I am accustomed to the end of life.

I was born into an older extended family, and attended a church with mostly older members. By 10, I’d been to more funerals than a child probably should have. I am accustomed to the behaviors and theatrics and denial of the living amidst both the dying and the dead. And yet somehow, I was unprepared for the “dead to me”- how it feels when a person ceases to exist in your world while continuing to exist in the world at large.

There is a permanence to death, recognized stages one goes through when you remain among the living. There are storage shelves in your heart and mind for people whose stories have ended, places you hold them as they were, unchanging.

But what do you do when that person continues to live? Where do you store them as they are when they have the audacity to not remain frozen in the exact condition they were when they departed from your life? What stages of grieving do your people tolerate when there was no death? How is it possible to both forget a face and still see it?

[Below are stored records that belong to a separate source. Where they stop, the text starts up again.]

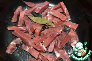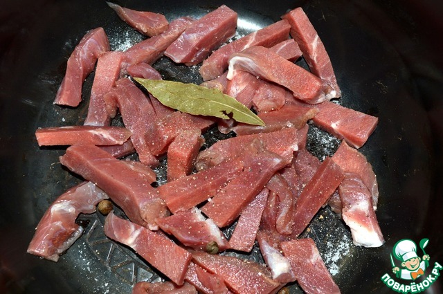 Мясо режем соломкой и складываем в чашу мультиварки, добавляем специи и соль. Ставим программу Тушение на 50 минут. Можно тушить в казане периодически подливая воду или использовать готовую тушенку.
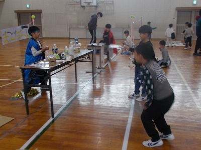 今日は遊び活動日で、運動場・体育館では、鬼ごっこ・ドッジボール、教室では、椅子取りゲーム・絵しりとりを行っていました。
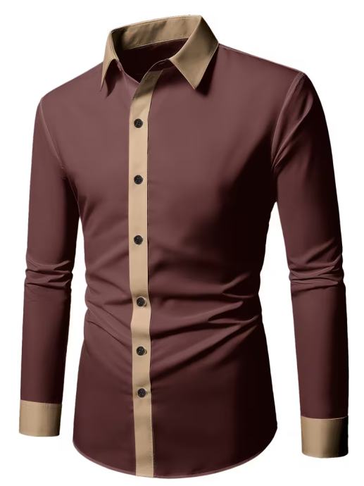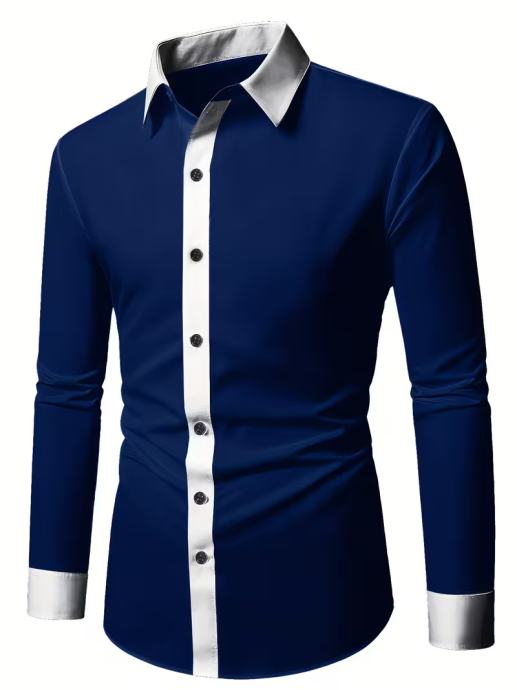 Muška košulja dugih rukava, odijelo i poslovna odjeća, patchwork dizajn, dvije jednobojne boje, nošenje za sva godišnja doba, košulja dugih rukava na kopčanje
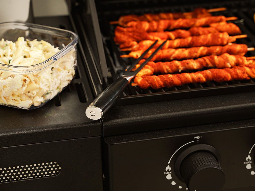 De ONYX COOKWARE™-vleesvork heeft een hoogwaardige ABS-handgreep die niet alleen zorgt voor perfecte balans en gewichtsverdeling, maar ook water- en vuilafstotend is, wat hem in de keuken veiliger maakt. Als je het ons vraagt, zien ze er ook fantastisch uit!

When the “as it were” fades and the “as it is” begins to take over, there is an acceptance that comes with the knowledge there is nothing you can do. When the dead to you walk among the living, the denial can be infinite, forever simmering just under the surface waiting for a moment you would have otherwise shared with them.

I can speak to the dead, where they rest in the stores of my heart. I can marvel at how much room my heart has to grieve and love as the memory of their faces turn to light, their voices into warmth, their complexities into grace.

For the vanished, the only way to hold them as they were is to obsessively ruminate. To pour over every conversation, every missed moment, everything you wish you said. To breathe the air you would clear if you ever had the chance.

There are rituals for the dead. But you’re still alive.

I am accustomed to the end of life.

I still need a manual for the living.